Nio (NYSE:NIO) enjoyed a snapback from $2.50 and back to the $3.26 recent close, thanks to Tesla (NASDAQ:TSLA). But with a $3.5-billion valuation and the stock at 3.3 times sales, the bounce may prove temporary.

Tesla reported second-quarter production of 87,048 and vehicle deliveries of 95,200. Orders exceeded deliveries, so as the company enters Q3, its order backlog will increase. The news brought hope for Nio, whose sales in China are sluggish. In May, Nio reported weaker demand and laid off 70 staff as it closed its Silicon Valley location. It will still keep its North American office, which has 600 employees.

To recharge sales momentum, Nio needs China introducing fresh new incentives. Without a tax break, sales will stall, even as Nio introduces new, higher-end models to the market. The luxury EV is sensitive to prices. As U.S./China trade relations suffer, so too will demand for Nio vehicles.
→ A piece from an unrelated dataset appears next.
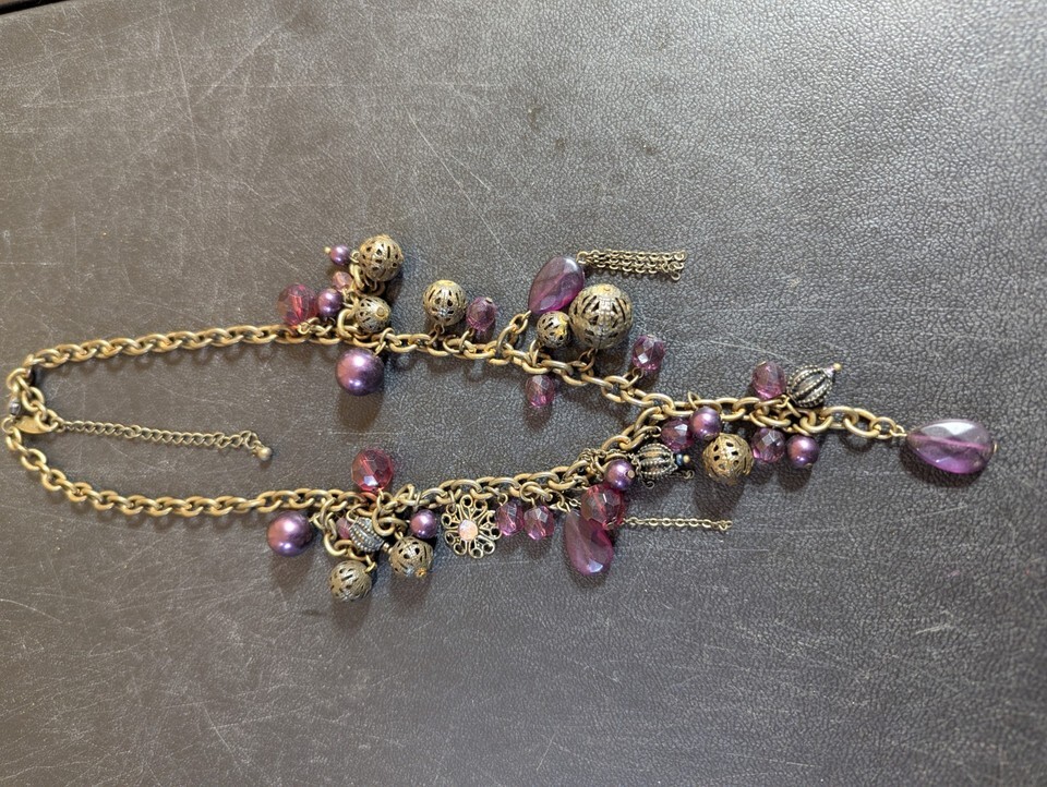 - Avenue 18" Dangle Necklace With Purple Glass Balls

Nio’s Catalyst: Tax Exemption in China
Nio’s business health is not a function of Tesla’s positive sales momentum. It relies exclusively on the Chinese markets and is dependent on tax exemptions. So, the new energy vehicle tax exemption announced on July 2 could spur Nio unit sales. The NEV is effective from Jan 1, 2018, to Dec 31, 2020. This should help drive a rebound in demand for Nio vehicles.